Convert raw analytical instrument data to Allotrope ASM JSON
Hand Claude Code a vendor-format file from a cell counter, plate reader, HPLC, mass spectrometer, or qPCR instrument; get back a strict-validated Allotrope Simple Model (ASM) JSON, a flattened 2D CSV ready for LIMS ingestion, and an exportable Python parser that a data engineer can put behind a pipeline.

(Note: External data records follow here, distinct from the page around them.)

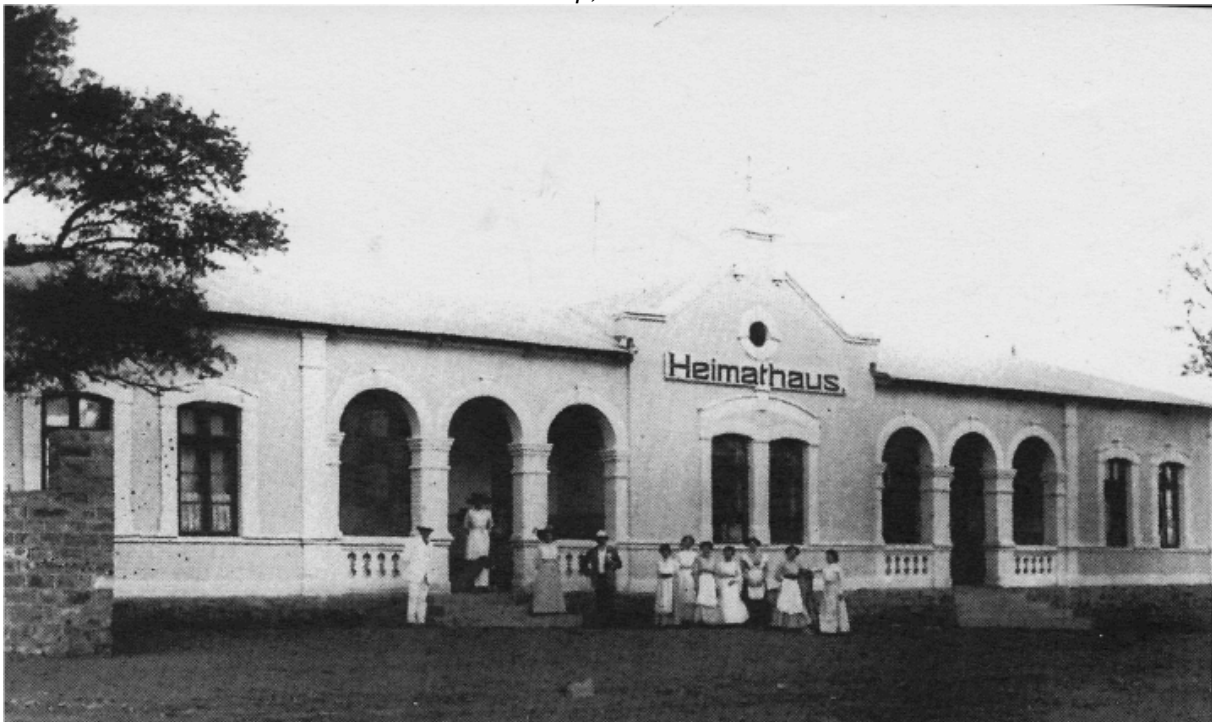
Heimathaus des Frauenbundes in Keetmanshoop; 1910
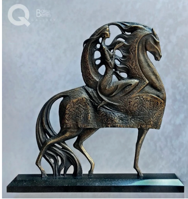
İLL 5. Kamran Əsədov “Qarabağ gözəlləri” (2022) (bürünc, 73,5x75x12 sm)
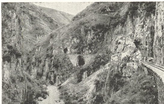
Tunnellen paa Banen mellem Haifong og Yünnanfu. Læg Mærke til den smalle Sporvidde (sml. de to Mænd, der gaar paa Banelinjen), og til de derved muliggjorte talrige Kurver.

første bekendtskab med en saa smuk opfindelse som flyvemaskinen skulde lære den at kende som et apparat, der spredte død og jammer om sig. — Vi hørte detonationerne, men kunde i den ende af byen, hvor vi stod, intet se. Maskinen gik atter et stykke bort, fulgte den samme linje tilbage og lod atter tre bomber falde. Dette skete endnu en gang, og den gik derefter ned ad floden tilbage til sin basis. En ung Amerikaner og jeg gik senere paa dagen ned til floden. Det var et sørgeligt syn, der mødte os. Paa flodbredden laa de dræbte og lemlæstede mennesker i deres blod, søfolk
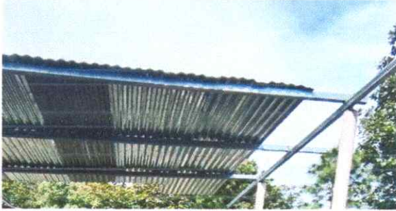
Foto1: SUSTITUCION DE LAMINA TROQUELADA (calibre26)
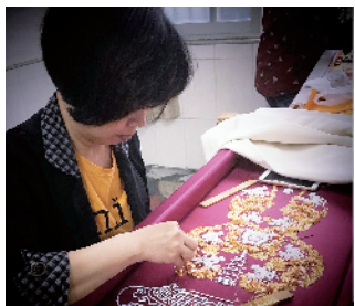
■妇女靠潮绣可以维持生计。

种类不再局限于高端的收藏品,而是使衣服、包包、鞋子、家居装饰等都成为了潮绣“新”元素,例如潮绣嫁衣现在也成为很多年轻人结婚的标配服饰。要知道,潮绣嫁衣在过去只是流传于潮汕地区的一种独特情感传递方式,很多嫁衣都是世代相传,由母亲年轻时出嫁时穿过就收藏好,等自己女儿出嫁时再拿出来让女儿穿,但时至今日,潮州绣娘手中的那一根神奇秀针,也为我们带来了更有质感的人生。
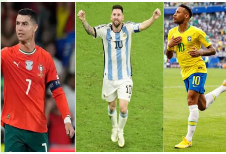
మిలిలిపోయింది. ఈ నేపథ్యంలో, 41 ఏళ్ల వయసులో బరిలోకి దిగుతున్న రొనాల్డోకు తన కలను నెరవేర్చుకోవడానికి ఇది చివరి అవకాశం. ప్రపంచకప్ చేదికపై అతను అదే ప్రతి మ్యాచ్ ఆఖరి కావచ్చనే భావనతోనే ఈ టోర్నీలో ఆడనున్నాడు.

హైదరాబాద్ పెన్ పవర్: ఫిఫా ప్రపంచకప్ 2026 ఈ అర్ధరాత్రి తర్వాత ప్రారంభం కానున్న నేపథ్యంలో, ప్రపంచవ్యాప్తంగా ఫుట్ బాల్ అభిమానుల్లో ఉత్సాహం పెరుగుతోంది. మరపురాని క్షణాలు, నాటకీయ ముగింపులతో అభిమానులను అలరించే ఈ మెగా టోర్నీమెంట్, ఈసారి ఒక శకానికి ముగింపు పలకనుంది. కొన్ని దశాబ్దాలుగా ఫుట్ బాల్ ప్రపంచాన్ని ఏలిన ఎందరో దిగ్గజ అటాకాకు ఇదే చివరి ప్రపంచకప్ కాబోతోంది. కోళ్ల మందికి స్ఫూర్తినిచ్చిన ఈ తరం మేటి క్రీడాకారుల కెరీర్ లో ఇది ఆఖరి అధ్యాయం కావచ్చు. వీరిలో కొందరు ఇప్పటికే ప్రపంచకప్ ట్రోఫీని ముద్దాడగా, మరికొందరు ఆ ఒక్క కల కోసం వివరిసారిగా పోరాడనున్నారు. ఈ నేపథ్యంలో, 2026 ప్రపంచకప్ తో తమ కెరీర్ కు ముగింపు పలకనున్న ఐదుగురు లెజెండ్ లో అటాకాల్లో ఓ ప్రత్యేక కథనం.
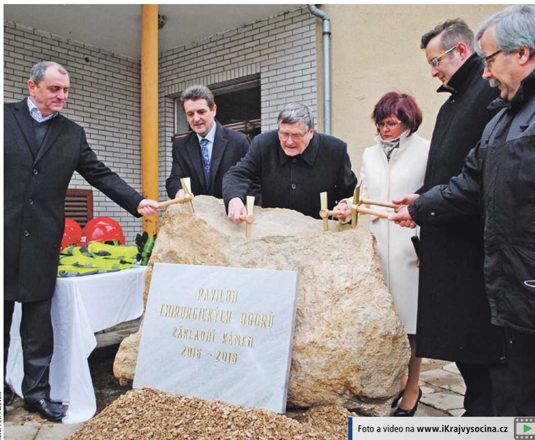
Základní kámen byl vyroben z mramorové pracovní desky laboratorních stolů, které bývaly součástí pavilonu A určeného k demolicí. Kládkem silně zaklepal také hejtman Kraje Vysočina Jiří Běhounek (uprostřed).

Rekonstrukce interny Nemocnice Jihlava a přestavba pavilonu 13 Nemocnice Havlíčkův Brod jsou dalšími letošními investičními akcemi Kraje Vysočina ve zdravotnictví. Oprava v Jihlavě bude stát 308 milionů korun, v Havlíčkově Brodě 72 milionů.
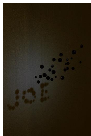
5. 川辺ナホ「The Black Cloud」
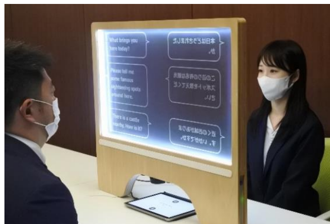
窓口業務のユニバーサルコミュニケーションを支援する「VoiceBiz® UC Display」

住民サービスの向上に向けた職員のノンコア業務への負荷軽減や、受付窓口におけるユニバーサルコミュニケーションを支援した事例などを紹介。ICTの活用によって高セキュリティかつ効率的な公共業務を支援しています。
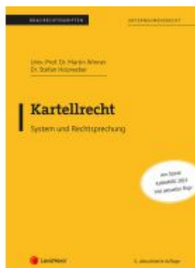
Kartellrecht (Skriptum) Ladenpreis: 27,50EUR
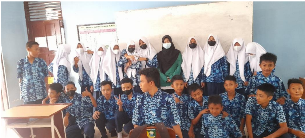
Gambar. Siswa/i kelas VII B SMP Negeri 6 Pelaihari
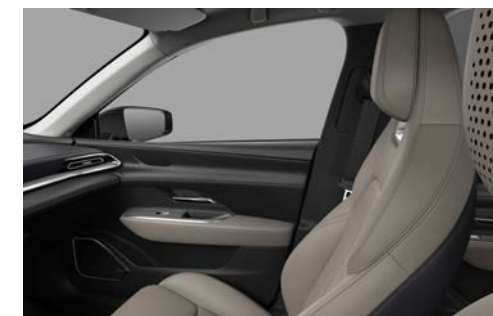
Kunstleder - Warm Beige (lichtgrijze hemelbekleding)
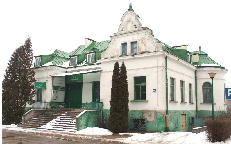
Zdjęcie nr 4. Pałacyk Rylla, ob. bank, Al. 3 Maja 13a

Pałacyk Rylla, ob. bank, Al. 3 Maja 13a , zbudowany w 1919 r. Wybudowany dla rodziny Ryllów ok. 1910 r. Po wojnie przez nich zamieszkały. Do 1977 r. w budynku mieściły się biura Ostrowieckich Zakładów Gastronomicznych, potem drukarnia.
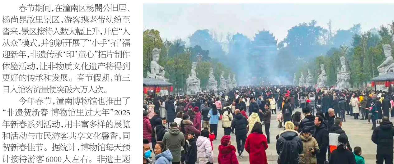
大佛寺景区游人如织。
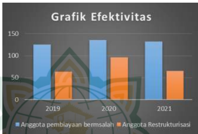
Gambar 4.3 Grafik Efektivitas Program Restrukturisasi Pembiayaan Bermasalah

Berdasarkan dari gambar di atas dapat dilihat restrukturisasi yang dijalankan di BMT Mubarakah Kudus dinilai cukup efektif untuk membantu BMT dalam mewujudkan tujuannya, yang dimana tujuan dari BMT adalah untuk menolong anggota dalam memenuhi kewajibannya yang sempat terkendala masalah pada proses pembayaran angsuran. Dimana yang awalnya pembiayaan dari anggota tersebut termasuk kategori masalah setelah dilakukannya restrukturisasi pembiayaan tersebut menjadi lebih baik dan anggota kembali lancar dalam melunasi angsurannya kepada BMT Mubarakah. Hal ini dilakukan restrukturisasi bertujuan untuk menjaga kualitas pembiayaan yang dilakukan oleh anggota dan berdampak pada tingkat kesehatan BMT. Maka dari itu dalam menjalankan restrukturisasi harus di sertai dengan pengawasan dan penjagaan yang lebih ketat lagi supaya tidak terjadinya gagal restrukturisasi dan hal hal yang tidak terduga lainnya.
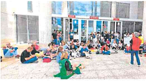
Funcionarios en la sentada en la Ciudad de la Justicia de Murcia. csif
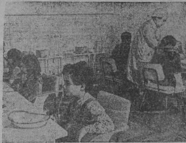
Лечебный и методологический центр по организации стоматологической помощи детям открылся в Бресте.

Маленькие пациенты, приходящие в поликлинику, неожиданно для себя оказываются в окружении интересных и занятых вещей: здесь и чучела маленьких зверьков, и киндерки в клетках, и разноцветные рыбки в аквариумах, и изображения многих знакомых персонажей из мультипликационных фильмов. Все это снимает у детей страх при появлении врача, создает предпосылки для успешного лечения.

| Problem class | Workflow automation |
| Subject areas | Chemistry, Drug Repurposing and Discovery, Molecular and Cellular Biology, Translational Medicine |
| Evidence level | Reported |
| Complexity | One skill or MCP |
| Availability | Fully open |
| Compute | Laptop |
Problem
Every analytical instrument writes its own file format — Beckman Vi-CELL counters emit one CSV layout; Agilent HPLCs emit another; Tecan and Molecular Devices plate readers each emit their own XML / Excel hybrids; NanoDrop spreadsheets, BMG OMEGA exports, Roche LightCycler .ixo packages, Bio-Rad CFX .pcrd. A pharma or biotech lab pipes those into LIMS, an ELN, or a data lake — and the glue is a long tail of one-off parsers that drift as vendors push firmware updates. The Allotrope Foundation standardised this with the Allotrope Simple Model (ASM): a JSON-LD schema per technique (flow cytometry, plate-reader, HPLC-DAD, qPCR, …) with ontology-anchored field names and explicit raw-vs-derived data separation.
The work that has to happen on every new file: identify the instrument and vendor, pick the right parser, map fields into the right ASM section (raw measurements into measurement-document; derived values into calculated-data-aggregate-document with data-source-aggregate-document traceability), validate against the ASM schema, and emit either ASM JSON (for an ASM-aware sink) or a flattened CSV (for everything else). Solved looks like: drop the file, get JSON + CSV + a re-usable parser script, no hand editing.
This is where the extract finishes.